- [Work to be completed]:
Only one portion of the data is to be written out: from the line bearing "ID товара: 1211456" through the line bearing "Розмір: 21х10 см". Write it exactly as it appears.

==== Data for review

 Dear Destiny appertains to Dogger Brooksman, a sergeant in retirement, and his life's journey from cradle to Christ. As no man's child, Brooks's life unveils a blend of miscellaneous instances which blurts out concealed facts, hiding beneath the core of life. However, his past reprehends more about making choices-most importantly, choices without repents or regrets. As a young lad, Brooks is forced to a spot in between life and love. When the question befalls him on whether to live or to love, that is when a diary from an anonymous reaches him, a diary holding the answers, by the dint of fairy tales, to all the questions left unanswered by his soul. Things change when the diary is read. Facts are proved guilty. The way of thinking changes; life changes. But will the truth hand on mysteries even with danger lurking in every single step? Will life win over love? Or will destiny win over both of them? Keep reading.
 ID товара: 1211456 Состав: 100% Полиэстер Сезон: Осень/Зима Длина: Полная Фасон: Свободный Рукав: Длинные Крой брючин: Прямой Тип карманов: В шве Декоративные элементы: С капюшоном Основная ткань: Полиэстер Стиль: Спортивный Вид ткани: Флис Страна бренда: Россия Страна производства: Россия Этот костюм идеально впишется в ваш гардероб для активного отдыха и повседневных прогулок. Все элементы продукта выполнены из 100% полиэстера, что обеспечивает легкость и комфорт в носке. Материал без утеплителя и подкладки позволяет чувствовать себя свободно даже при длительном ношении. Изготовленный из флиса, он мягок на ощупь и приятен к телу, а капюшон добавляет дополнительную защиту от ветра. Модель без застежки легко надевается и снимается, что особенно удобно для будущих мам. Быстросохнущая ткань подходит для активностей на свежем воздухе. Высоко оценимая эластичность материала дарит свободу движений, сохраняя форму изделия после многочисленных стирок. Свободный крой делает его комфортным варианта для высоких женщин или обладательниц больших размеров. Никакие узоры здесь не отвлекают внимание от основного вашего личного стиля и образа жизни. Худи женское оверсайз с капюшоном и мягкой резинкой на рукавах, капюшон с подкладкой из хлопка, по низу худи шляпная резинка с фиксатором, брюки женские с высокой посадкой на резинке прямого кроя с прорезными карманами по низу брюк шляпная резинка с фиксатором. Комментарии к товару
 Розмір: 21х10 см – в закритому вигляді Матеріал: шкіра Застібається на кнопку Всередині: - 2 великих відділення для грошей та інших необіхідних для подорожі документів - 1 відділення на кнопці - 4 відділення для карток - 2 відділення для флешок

========
==== Data for review

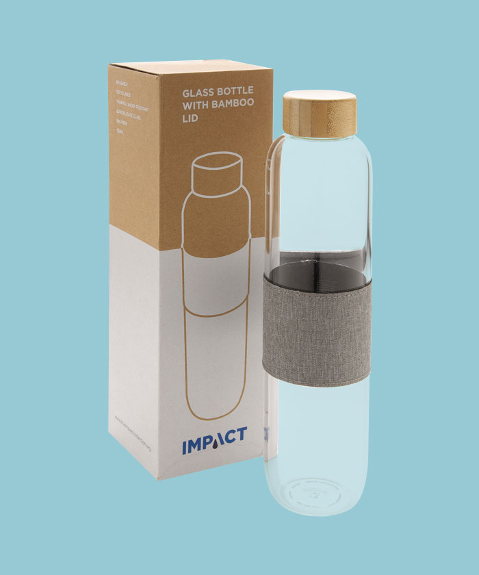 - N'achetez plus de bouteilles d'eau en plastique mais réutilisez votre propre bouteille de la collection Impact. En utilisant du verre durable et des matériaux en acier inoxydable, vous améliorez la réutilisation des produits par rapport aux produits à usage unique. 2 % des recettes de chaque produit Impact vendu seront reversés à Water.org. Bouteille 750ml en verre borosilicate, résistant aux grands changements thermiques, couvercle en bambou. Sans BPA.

========

- [Task answer]:
 ID товара: 1211456 Состав: 100% Полиэстер Сезон: Осень/Зима Длина: Полная Фасон: Свободный Рукав: Длинные Крой брючин: Прямой Тип карманов: В шве Декоративные элементы: С капюшоном Основная ткань: Полиэстер Стиль: Спортивный Вид ткани: Флис Страна бренда: Россия Страна производства: Россия Этот костюм идеально впишется в ваш гардероб для активного отдыха и повседневных прогулок. Все элементы продукта выполнены из 100% полиэстера, что обеспечивает легкость и комфорт в носке. Материал без утеплителя и подкладки позволяет чувствовать себя свободно даже при длительном ношении. Изготовленный из флиса, он мягок на ощупь и приятен к телу, а капюшон добавляет дополнительную защиту от ветра. Модель без застежки легко надевается и снимается, что особенно удобно для будущих мам. Быстросохнущая ткань подходит для активностей на свежем воздухе. Высоко оценимая эластичность материала дарит свободу движений, сохраняя форму изделия после многочисленных стирок. Свободный крой делает его комфортным варианта для высоких женщин или обладательниц больших размеров. Никакие узоры здесь не отвлекают внимание от основного вашего личного стиля и образа жизни. Худи женское оверсайз с капюшоном и мягкой резинкой на рукавах, капюшон с подкладкой из хлопка, по низу худи шляпная резинка с фиксатором, брюки женские с высокой посадкой на резинке прямого кроя с прорезными карманами по низу брюк шляпная резинка с фиксатором. Комментарии к товару
 Розмір: 21х10 см – в закритому вигляді Матеріал: шкіра Застібається на кнопку Всередині: - 2 великих відділення для грошей та інших необіхідних для подорожі документів - 1 відділення на кнопці - 4 відділення для карток - 2 відділення для флешок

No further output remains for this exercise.